During the Q&A, he was just so open. He gave some great writing advice as well, describing the memoir process like I never heard before. Someone in the audience had asked if Augusten felt Scissors helped create the memoir craze-- which of course led to some "lying memoirs" so Augusten commented on that with an answer so amazing that I took notes on my checkbook (I didn't have my moleskine). The answer itself was one that I have been sort-of taught- that a memoir is the way we remember something. But the analogy he used was awesome. Maybe I'll post it later, but Angie and I were both blown away by his advice. He also quoted Einstein, that there is no one point of relation in the universe. We all see things from a different perspective. It was powerful. The whole freakin' night was just powerful.

And- if you have not read Augusten Burroughs. Do it. Read Running With Scissors first-- if you read that, I know you will fall in love with him too. Then, Dry. Then read the others- Possible Side Effects was great and so was Magical Thinking. I actually was with Augusten from the beginning because I bought Sellevision when it first came out- that's his only novel. I was a communications major, so I was always fascinated by TV stations..... Buy them from your favorite bookstore because I want his sales to soar. However, if you want you can also use the library or if you are local, borrow them from me.

But by golly, read Augusten Burroughs. Turn off the freakin' TV and read a reality book-- a memoir.
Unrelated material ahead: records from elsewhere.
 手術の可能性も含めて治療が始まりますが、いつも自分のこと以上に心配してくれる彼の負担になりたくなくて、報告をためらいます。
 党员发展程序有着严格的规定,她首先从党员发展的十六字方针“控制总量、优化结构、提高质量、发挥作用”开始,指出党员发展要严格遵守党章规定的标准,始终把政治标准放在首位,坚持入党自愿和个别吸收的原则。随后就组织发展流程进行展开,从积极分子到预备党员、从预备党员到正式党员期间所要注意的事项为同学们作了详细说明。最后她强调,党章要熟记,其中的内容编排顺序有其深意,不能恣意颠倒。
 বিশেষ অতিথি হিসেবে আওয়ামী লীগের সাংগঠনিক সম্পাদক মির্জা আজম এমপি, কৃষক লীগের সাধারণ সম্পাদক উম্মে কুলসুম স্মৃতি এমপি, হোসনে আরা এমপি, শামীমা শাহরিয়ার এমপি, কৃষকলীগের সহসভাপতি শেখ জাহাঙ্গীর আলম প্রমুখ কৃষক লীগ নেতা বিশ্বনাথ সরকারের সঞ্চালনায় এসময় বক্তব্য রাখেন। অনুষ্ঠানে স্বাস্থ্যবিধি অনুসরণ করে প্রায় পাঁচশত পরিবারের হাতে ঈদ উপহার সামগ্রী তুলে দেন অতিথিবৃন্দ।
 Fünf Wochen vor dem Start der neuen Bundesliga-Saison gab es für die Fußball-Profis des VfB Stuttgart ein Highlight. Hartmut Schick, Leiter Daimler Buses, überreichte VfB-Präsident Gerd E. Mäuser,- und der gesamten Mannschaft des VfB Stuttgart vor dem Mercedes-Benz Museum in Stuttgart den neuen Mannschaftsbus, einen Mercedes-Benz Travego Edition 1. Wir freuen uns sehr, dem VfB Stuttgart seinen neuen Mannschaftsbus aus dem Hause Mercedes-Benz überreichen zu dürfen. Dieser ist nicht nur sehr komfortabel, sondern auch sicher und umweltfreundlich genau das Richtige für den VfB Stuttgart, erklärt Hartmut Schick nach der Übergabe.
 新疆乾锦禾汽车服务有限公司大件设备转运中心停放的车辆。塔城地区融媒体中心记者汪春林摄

P.S. Speaking of courage, I have more. To really focus on my career, education and writing, I have decided to move into my own apartment in Shavertown- less than a mile from where I work. Out of respect for Dave, I won't publicly write a blog about the whole thing or share those kinds of feelings right now, but wanted to at least mention it because it goes along with this whole theme here-- but please know that everything is fine- it's on good terms and just something that I need to do. This week has really been a week of change! So, here is to new beginnings.
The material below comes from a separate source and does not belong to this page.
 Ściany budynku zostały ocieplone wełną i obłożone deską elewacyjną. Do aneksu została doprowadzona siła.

P.P.S- I didn't realize that I've blogged and written so much about him:


John Elder Robison said...

You know, you talk about being thrilled, meeting my brother, but we find it thrilling, meeting enthusiastic readers like you.


Donna T said...

John, thank you so,so much for your kind words. That means a lot that you took the time to read. You and your brother should be so proud of everything that you have accomplished. Thank you for sharing your stories.

Theresa said...

You should have let me know you were coming to Philly. We could have met up.

Glad you have fun!

Donna T said...

Theresa! Thanks for reading. I thought about it- but I was with two other people, so I figured it'd be too hard to coordinate stuff. ; ) Next time. There's a lot more I want to do in Philly. I never get down there, but after being there for a few hours I realized I need to get to the city more.

Theresa said...


I am a regular reader.

I agree. We are right near the Ambler train station so we take that rather than driving, unless what we plan requires a vehicle.

I really should take advantage of all of the great things there are to do in the city.

Let me know next time you want to head this way and we can make a day or weekend of it.


P.S. I am sure you remember the B and G thing.

Kristi Abbatemarco said...

keep on writing donna. im a fan!

i adore augusten borroughs. i have read all his memoirs and have also read sellevision. after reading a wolf at the table, i went and got myself john elder's book, look me in the eye. fantastic!

sweeet that he reads your blog!

keep on keepin on, donna. thank you for writing!